Headlines around the world have been painted with the news that Trump has cancelled a historic US-North Korea summit – which could have huge implications on the US’s cybersecurity.
It would have been the first time a sitting US president met a North Korean leader, but it seems not to be after North Korea released statements belittling US vice president Mike Pence.
Trump responded in a letter sent to Kim Yong Un, stating that the summit that had been scheduled for June 12 in Singapore would no longer be possible.
"The world and North Korea has lost a tremendous opportunity for lasting peace and great prosperity and wealth," Trump wrote. "This missed opportunity is truly a sad moment in history."
However, it looks as though there could be another meeting in the works, although various experts believe the damage has already been done – check out their opinions below:
“Trump's decision to cancel the summit with Kim has the potential to alienate the United States from Asia further undermining any future negotiations with the rest of the region. This pronouncement leaves South Korea in the worst possible situation.
They are now stuck between balancing the first real opportunity to improve relations with North Korea and reduce the likelihood of further aggression with the need to maintain the alliance with the United States. What happens in the coming months will turn on how South Korea navigates this new situation and what China decides to do regarding sanctions.
The destruction of the test site coupled with the relative good behaviour of the DPRK has likely created enough room for China and others to ease sanctions to demonstrate the positive rewards for conforming to international norms. If sanctions are not eased or the Trump administration attempts to unilaterally ratchet up pressure, it is highly likely that we will see a DPRK retaliation in some form.

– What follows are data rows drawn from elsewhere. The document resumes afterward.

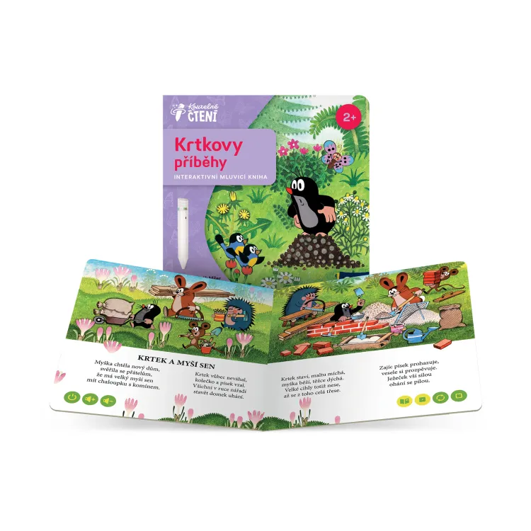 - Edukativní prvky — kromě poslouchání příběhů podporuje rozvoj jazykových dovedností, pozornosti a radosti ze čtení ve spolupráci s interaktivní tužkou.
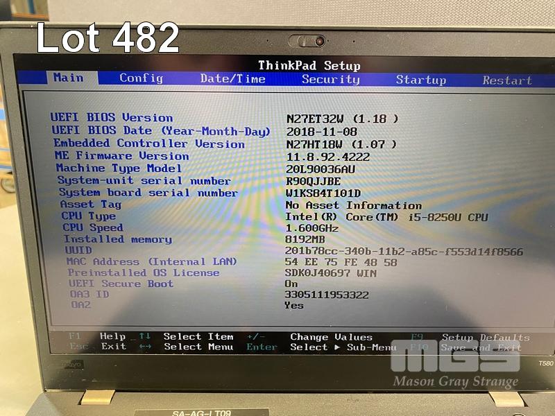 LAPTOP, LENOVO THINKPAD T580, TYPE 20L9, CORE i5 8250U (8TH GEN) @ 1.8GHz, 8GB DDR4 RAM, 256GB NVMe M.2 SSD, 15.6" WIDESCREEN (1920x1080), INTEL UHD GRAPHICS, Wi-Fi, BLUETOOTH, WINDOWS 11 PRO INSTALLED (NO USB-C POWER SUPPLY) (NOTE: MARKS ON SCREEN) S/N:R90QJJBE
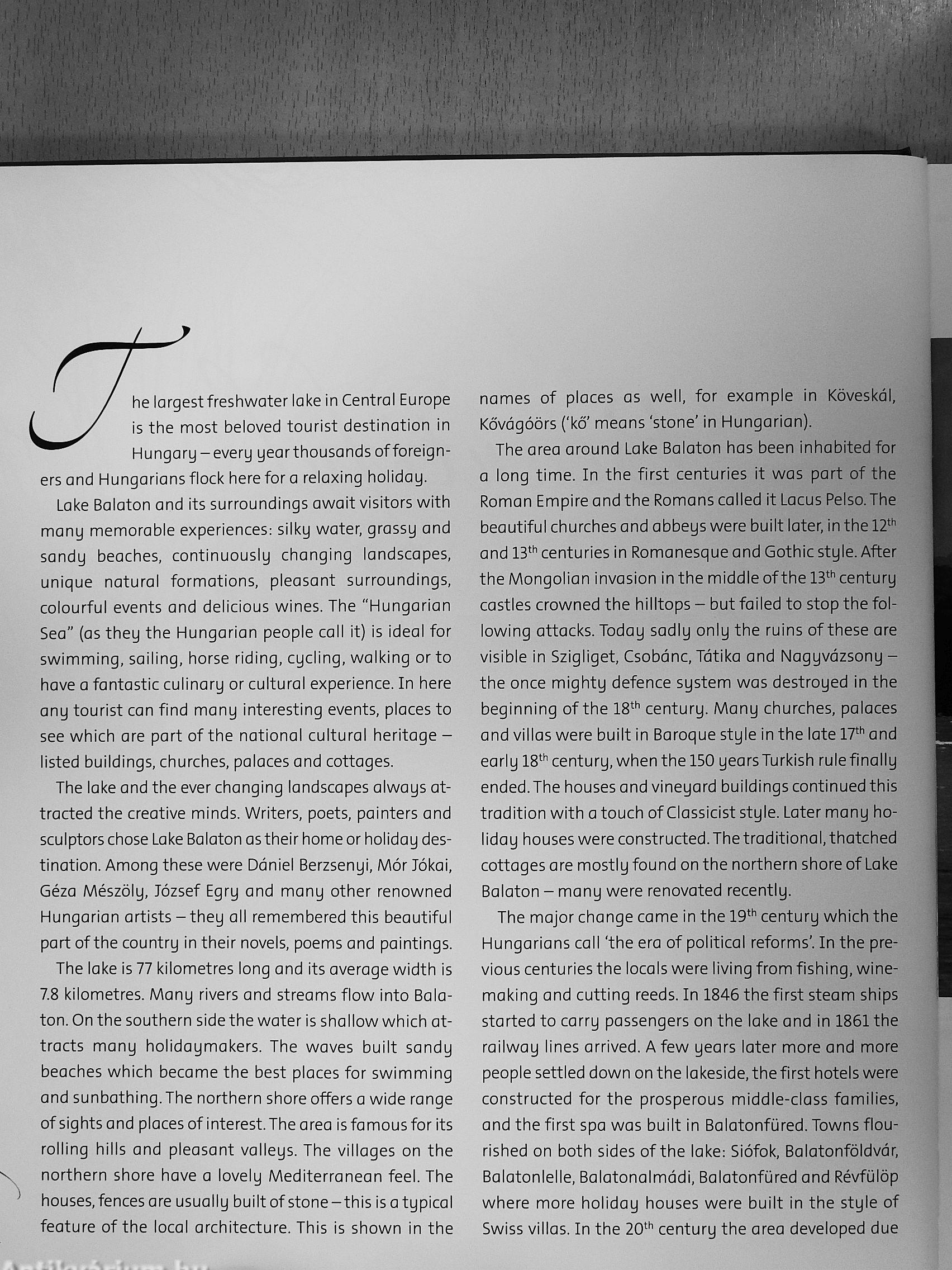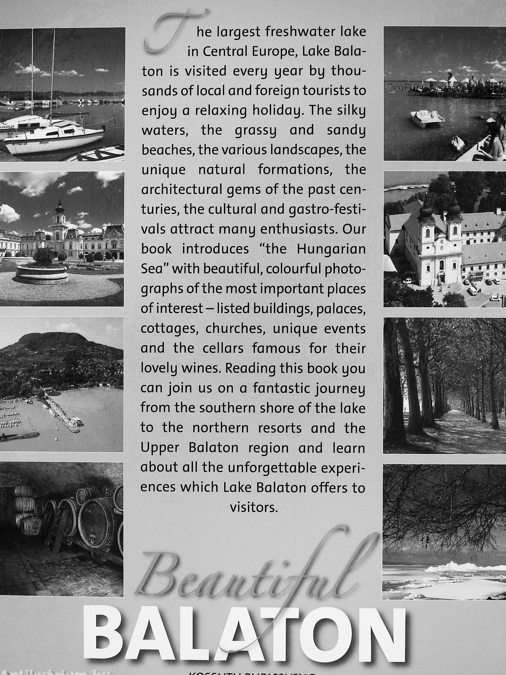 he largest freshwater lake ~ in Central Europe, Lake Balaton is visited every year by thousands of local and foreign tourists to enjoy a relaxing holiday. The silky waters, the grassy and sandy beaches, the various landscapes, the unique natural formations, the architectural gems of the past centuries, the cultural and gastro-festivals attract many enthusiasts. Our book Introduces "the Hungarian Sea" with beautiful, colourful photographs of the most important places of interest-listed buildings, palaces, cottages, churches, unique events and the cellars famous for their lovely wines. Reading this book you can join us on a fantastic journey from the southern shore of the lake to the northern resorts and the Upper Balaton region and learn about all the unforgettable experiences which Lake Balaton offers to visitors.

If South Korea tows D.C.'s line, then we could see a physical retaliation, if America continues to act unilaterally and tout the Libya model which is a blatant reference to regime change and assassination, the only capability available to North Korea is a cyberattack. Demonstrating resolve and the fact that the US is not impervious to the pain of conflict is something that North Korea will have to seriously consider over the coming months as the world figures out how to navigate the cult of personality that is currently driving both countries.”
"Cancellation of this summit with Kim will likely have larger implications than if President Trump never accepted the invitation in the first place. This will be viewed by North Korean leadership as a slight against the Kim family which will raise the demand for response.
We expect that there will be some type of cyber-retaliation, most likely denial-of-service or other disruptive attacks against U.S. government departments or military networks, defense contractors, and large American multinationals. Given the high degree of perceived offense against the Kim family, this response will likely occur in the coming weeks and months.
Lastly, the timing of the cancellation, right before the Memorial Day holiday in the United States, is consistent with the historic timing of North Korean cyber attacks in the past. North Korea launched the Sony Pictures Entertainment attack in December 2014, the MyDoom denial of service attacks against US government networks over the 4th of July weekend in 2009, and has for years conducted missile or nuclear tests on the 4th of July as well."